It took an Indian Minister to come to Colombo and extol the virtues of a Right to Information (RTI) Law and explain how it has empowered the ordinary citizens of his country.
Ironic as it is, this piece of progressive legislation was first introduced in Sri Lanka even before India did, but it was stillborn. A Freedom of Information Bill was drafted by a committee headed by the then Attorney General with stakeholders involved in the process. The Bill was approved by the Ranil Wickremesinghe cabinet in 2004 but the premature dissolution of Parliament by then President Chandrika Kumaratunga put paid to the efforts. India passed the law a year later, enhancing the spirit of the law by making it a citizen’s ‘Right’, even more than a ‘Freedom’ and called it a Right to Information Law. And we now must countenance an Indian Minister telling us what a good law they have.
Jairam Ramesh, the Indian Minister of Rural Development and Drinking Water and Sanitation, which are major issues in India, told a seminar on poverty alleviation in Colombo on Thursday:
“One of the good things which have happened in India during the last decade is the idea about rights-based approach. I have spoken about the Social Security Guarantee Act but that was not the first right to be introduced, in fact there was even more revolutionary legislation introduced which is the Right to Information; it is the right to information that has transformed the administration in our country. It is the right to information that is beginning to be opening of books in Panchayats, in local bodies, in muster-rooms. Today you can go to my ministry’s website and you will find in the muster-rooms all the people who have sought employment in all the villages of India. It is available on the website, along with the photographs, so this is what transparency can do in the implementation of rural development programmes”.
In India, the campaign for an RTI began from the grassroots in the state of Rajasthan and worked its way up to the national level and Parliament. In Sri Lanka, this campaign was initiated by the media organisations.

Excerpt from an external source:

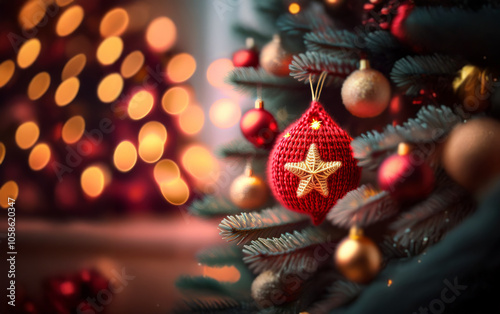 © YiuCheung, Fototapeta premium A close-up of a red crocheted Christmas ornament with a gold star hanging on a Christmas tree. The background is blurred with bokeh lights.

Civil society was slow to pick it up and unlike in India, organised civil society and non-government agents are few and far between. Either way, the end result is to empower the citizen with information.
The simple example given is – ‘if you entrust your money to someone to do your marketing, you would check the bills and ask the person how the money was spent. Similarly, why can’t this principle be extended to a government that has been entrusted with the people’s purse?’
The culture of accountability, especially in public finance, is woefully absent in Sri Lanka. That is why more and more instances of wastage, corruption and mismanagement get exposed and reported. Often, billions of rupees are lost to the country, yet no one is accountable, no one is punished. And, the people, are none the wiser as to where the money has gone, and why so.
More than one hundred countries around the world have a Right to Information Law. Some call it a Freedom to Information Law while others refer to it as an Access to Information Law, but they are all the same thing. All major countries in our region have this law. Sri Lanka stands out like a sore thumb. Time will surely run out for the Government that will be found severely wanting and accused of deliberate dilly-dallying in failing to bring in such a progressive law. It is only a government that wishes to manipulate public funds by keeping its people in the dark, in blissful ignorance, that will refrain from bringing in such a law.
Unfortunately, the Government is more focused on restricting the flow of information than giving access to it. This law is not about the breaking news of the day, but about how public funds are spent by those who have control over its expenditure.
A government that claims it is a ‘people’s government’ can no longer ignore modern legislation that empowers citizens. Very soon this will be a fundamental human right. The sooner the Government comes to realise this, the better.